**Work required:** The lines to extract run from the start of the records through the line with "Šis liežuvėlių būgnas", both ends included; drop the pictures.

Records from a collection
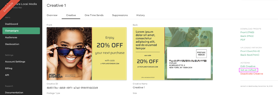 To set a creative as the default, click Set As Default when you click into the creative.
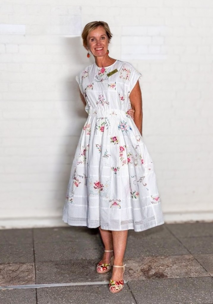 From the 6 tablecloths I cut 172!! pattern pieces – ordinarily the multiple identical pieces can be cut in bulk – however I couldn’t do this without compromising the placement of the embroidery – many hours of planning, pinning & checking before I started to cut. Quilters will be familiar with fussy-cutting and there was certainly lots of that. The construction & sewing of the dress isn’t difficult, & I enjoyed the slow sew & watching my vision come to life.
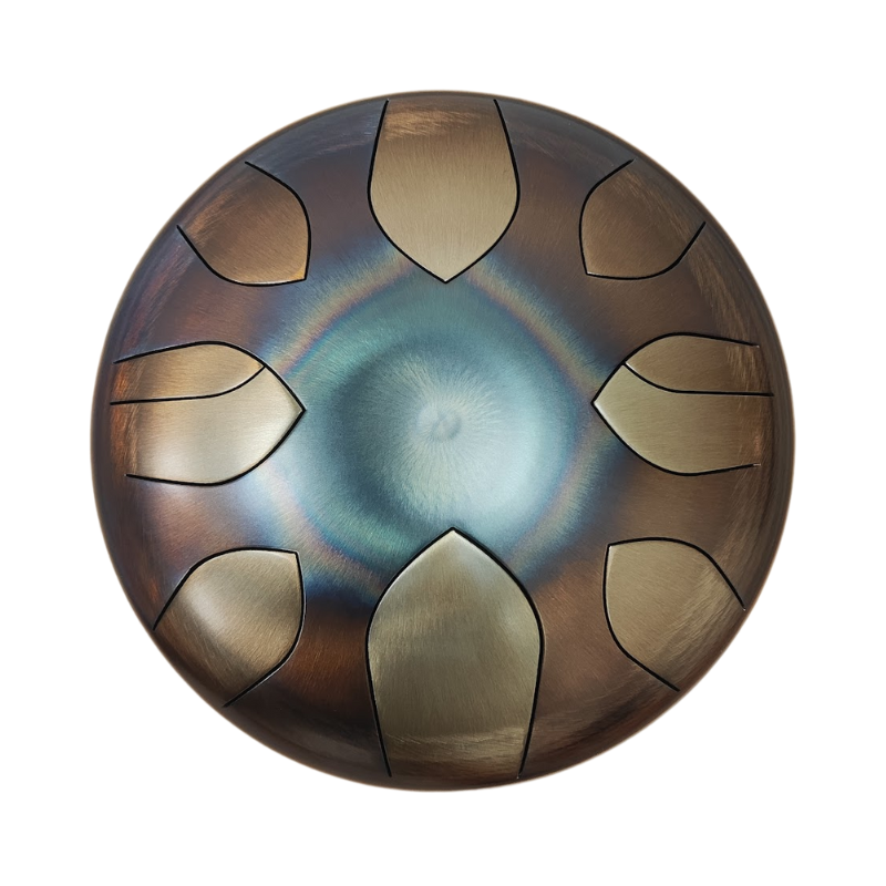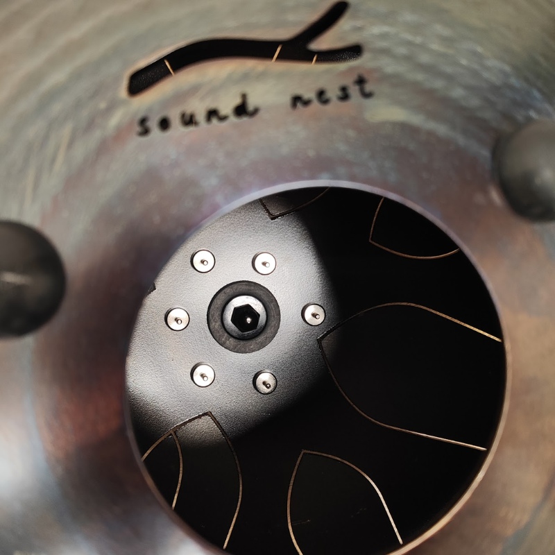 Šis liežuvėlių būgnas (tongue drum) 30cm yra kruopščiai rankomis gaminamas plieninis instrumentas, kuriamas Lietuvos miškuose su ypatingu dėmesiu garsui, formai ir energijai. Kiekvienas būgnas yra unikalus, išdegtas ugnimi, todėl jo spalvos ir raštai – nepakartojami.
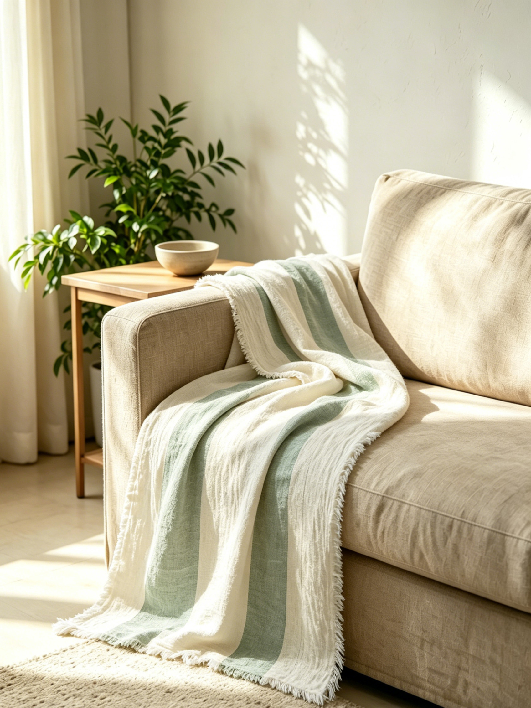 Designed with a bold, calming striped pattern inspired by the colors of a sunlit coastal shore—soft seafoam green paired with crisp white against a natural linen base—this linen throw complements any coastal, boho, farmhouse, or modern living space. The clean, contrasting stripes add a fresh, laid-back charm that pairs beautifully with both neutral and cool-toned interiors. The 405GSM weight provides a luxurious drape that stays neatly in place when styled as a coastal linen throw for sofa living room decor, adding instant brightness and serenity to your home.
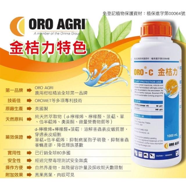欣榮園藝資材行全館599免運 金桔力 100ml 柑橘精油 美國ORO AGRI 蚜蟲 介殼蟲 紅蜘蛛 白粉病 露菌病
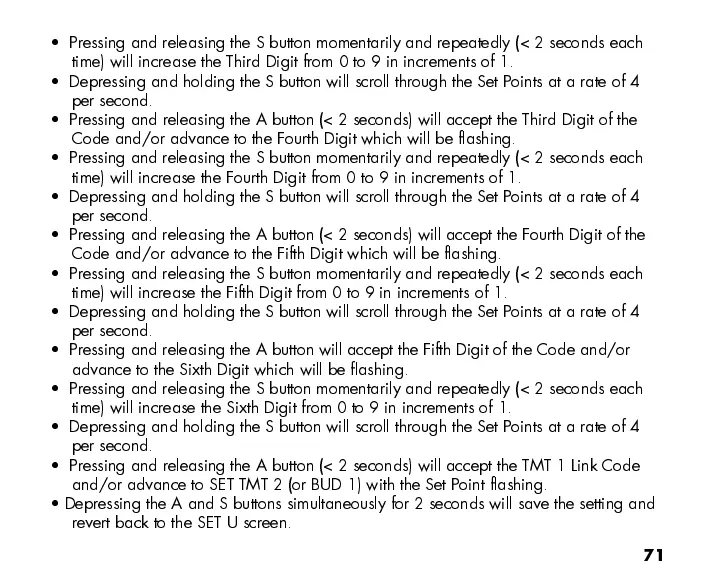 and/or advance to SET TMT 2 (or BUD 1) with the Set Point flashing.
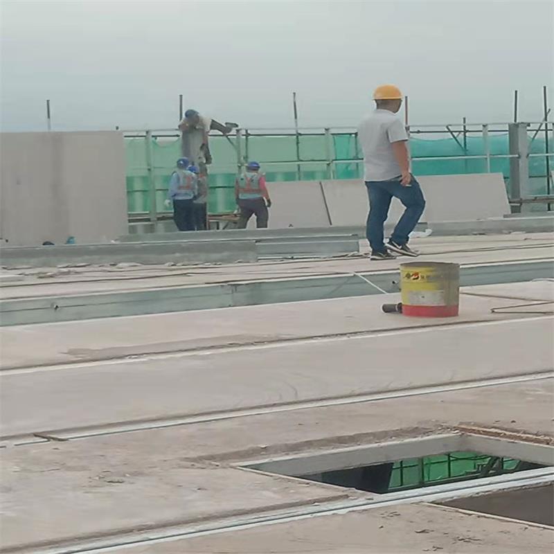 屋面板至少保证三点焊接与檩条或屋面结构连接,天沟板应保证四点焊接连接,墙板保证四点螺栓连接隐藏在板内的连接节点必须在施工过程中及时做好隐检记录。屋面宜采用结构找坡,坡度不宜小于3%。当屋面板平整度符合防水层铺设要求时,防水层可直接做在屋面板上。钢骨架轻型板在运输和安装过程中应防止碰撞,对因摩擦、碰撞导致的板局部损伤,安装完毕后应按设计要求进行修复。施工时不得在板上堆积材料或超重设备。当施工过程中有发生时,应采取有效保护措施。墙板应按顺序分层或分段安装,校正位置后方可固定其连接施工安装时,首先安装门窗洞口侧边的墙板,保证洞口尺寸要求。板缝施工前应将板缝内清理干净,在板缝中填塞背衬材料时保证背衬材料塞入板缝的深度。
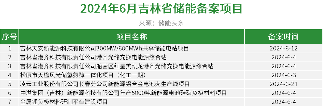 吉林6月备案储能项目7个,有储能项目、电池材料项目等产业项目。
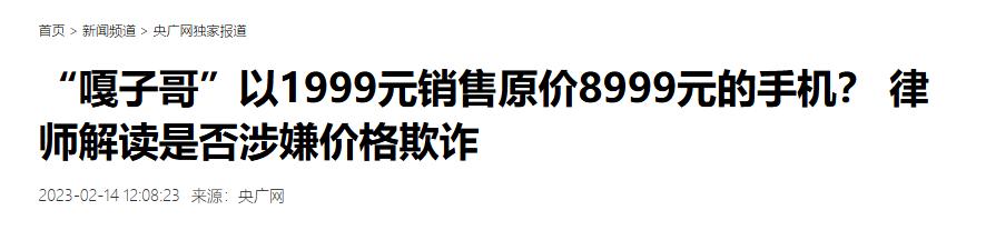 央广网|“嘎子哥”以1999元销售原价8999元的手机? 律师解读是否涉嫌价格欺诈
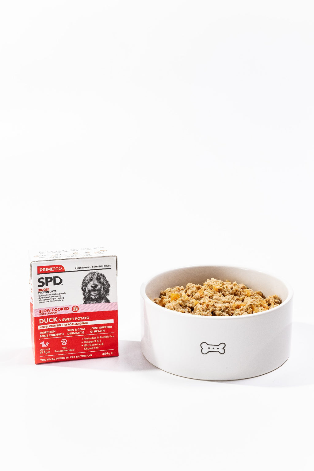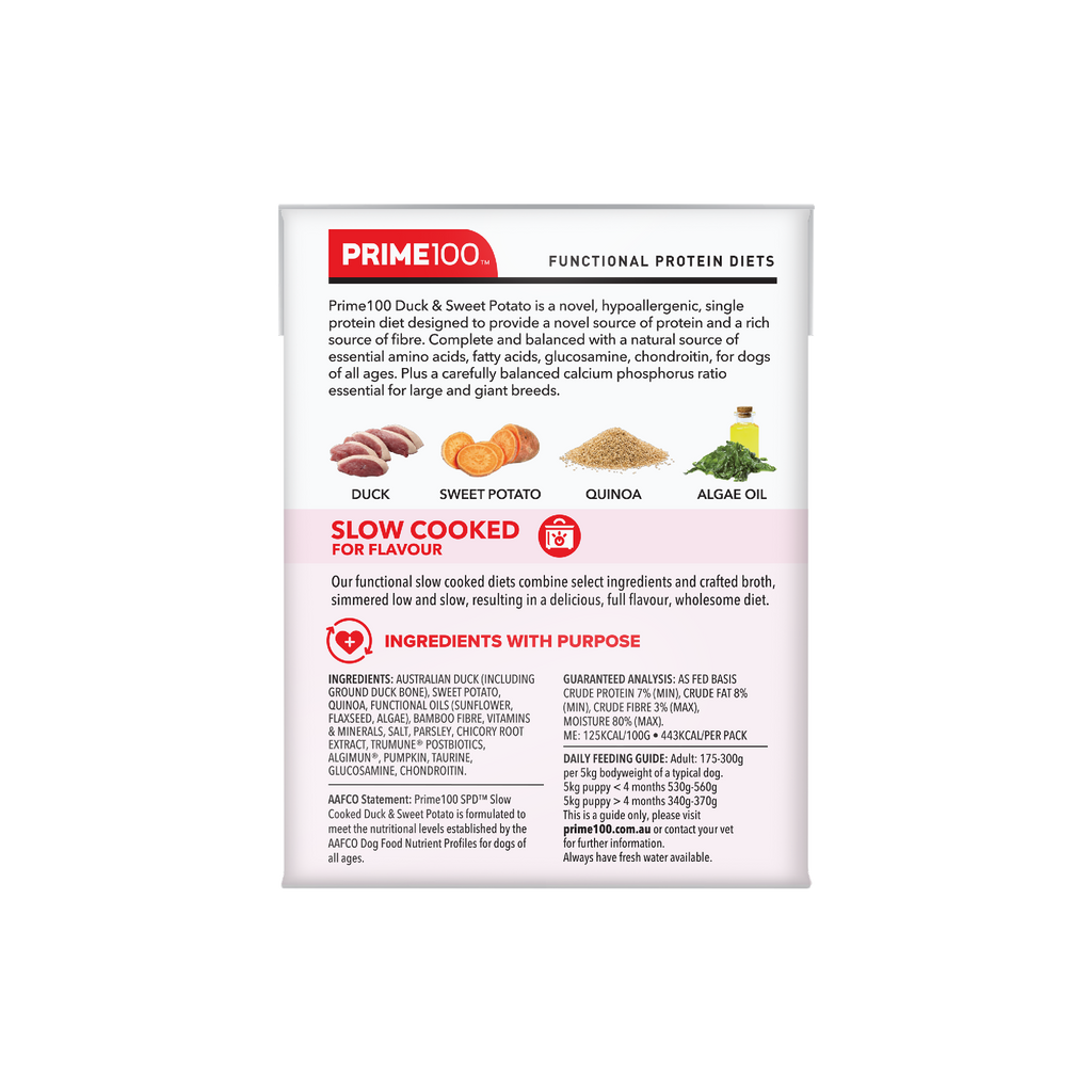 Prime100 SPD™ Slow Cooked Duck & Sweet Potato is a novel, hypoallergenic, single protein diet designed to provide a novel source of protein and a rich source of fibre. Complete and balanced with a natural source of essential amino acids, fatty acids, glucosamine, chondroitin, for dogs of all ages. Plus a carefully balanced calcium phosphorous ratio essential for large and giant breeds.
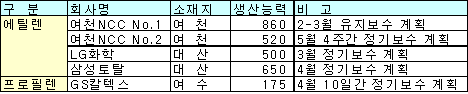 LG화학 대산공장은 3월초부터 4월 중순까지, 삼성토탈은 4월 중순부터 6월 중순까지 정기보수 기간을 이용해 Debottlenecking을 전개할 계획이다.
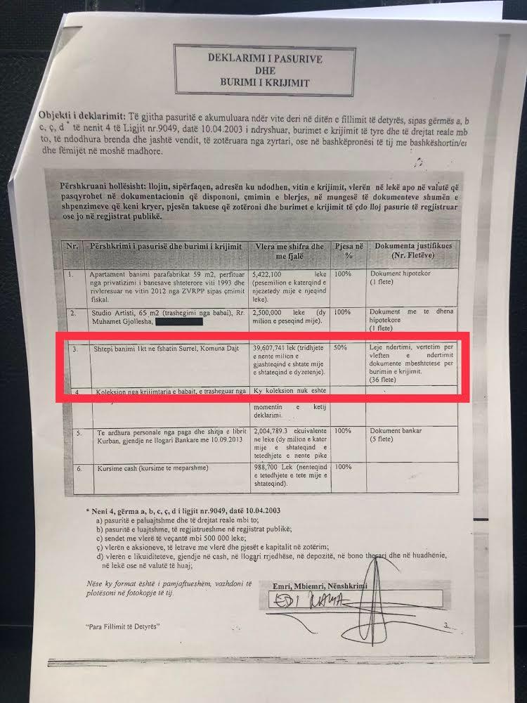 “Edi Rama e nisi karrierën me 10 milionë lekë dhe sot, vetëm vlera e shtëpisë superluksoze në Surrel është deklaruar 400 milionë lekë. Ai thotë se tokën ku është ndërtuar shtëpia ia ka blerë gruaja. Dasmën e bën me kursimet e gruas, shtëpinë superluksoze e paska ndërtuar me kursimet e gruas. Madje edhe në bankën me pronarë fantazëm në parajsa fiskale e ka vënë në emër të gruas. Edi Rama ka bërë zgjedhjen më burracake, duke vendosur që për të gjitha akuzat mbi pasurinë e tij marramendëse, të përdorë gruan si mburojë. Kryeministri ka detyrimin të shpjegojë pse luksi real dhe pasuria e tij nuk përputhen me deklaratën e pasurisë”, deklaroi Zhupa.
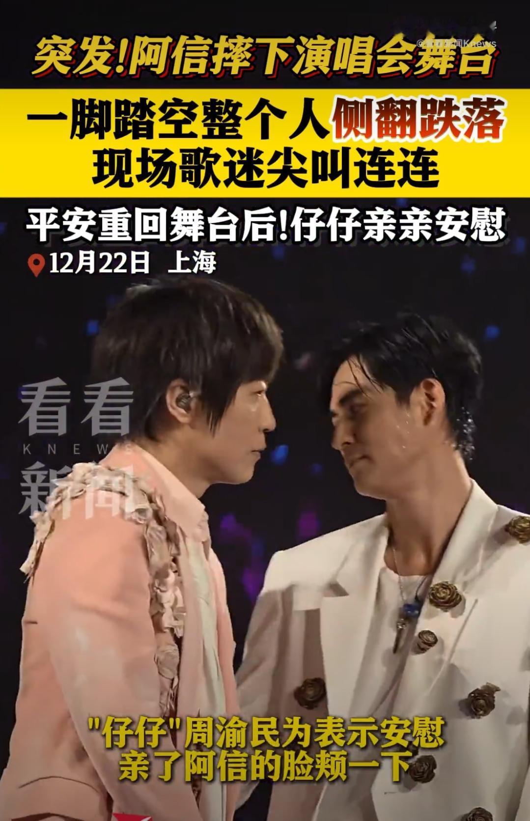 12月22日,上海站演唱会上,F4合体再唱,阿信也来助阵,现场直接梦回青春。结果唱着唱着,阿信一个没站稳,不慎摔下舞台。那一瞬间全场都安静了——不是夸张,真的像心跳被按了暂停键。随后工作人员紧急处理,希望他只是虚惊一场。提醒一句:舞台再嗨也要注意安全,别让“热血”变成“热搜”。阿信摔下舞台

**Exercise output:**
 To set a creative as the default, click Set As Default when you click into the creative.
 From the 6 tablecloths I cut 172!! pattern pieces – ordinarily the multiple identical pieces can be cut in bulk – however I couldn’t do this without compromising the placement of the embroidery – many hours of planning, pinning & checking before I started to cut. Quilters will be familiar with fussy-cutting and there was certainly lots of that. The construction & sewing of the dress isn’t difficult, & I enjoyed the slow sew & watching my vision come to life.
 Šis liežuvėlių būgnas (tongue drum) 30cm yra kruopščiai rankomis gaminamas plieninis instrumentas, kuriamas Lietuvos miškuose su ypatingu dėmesiu garsui, formai ir energijai. Kiekvienas būgnas yra unikalus, išdegtas ugnimi, todėl jo spalvos ir raštai – nepakartojami.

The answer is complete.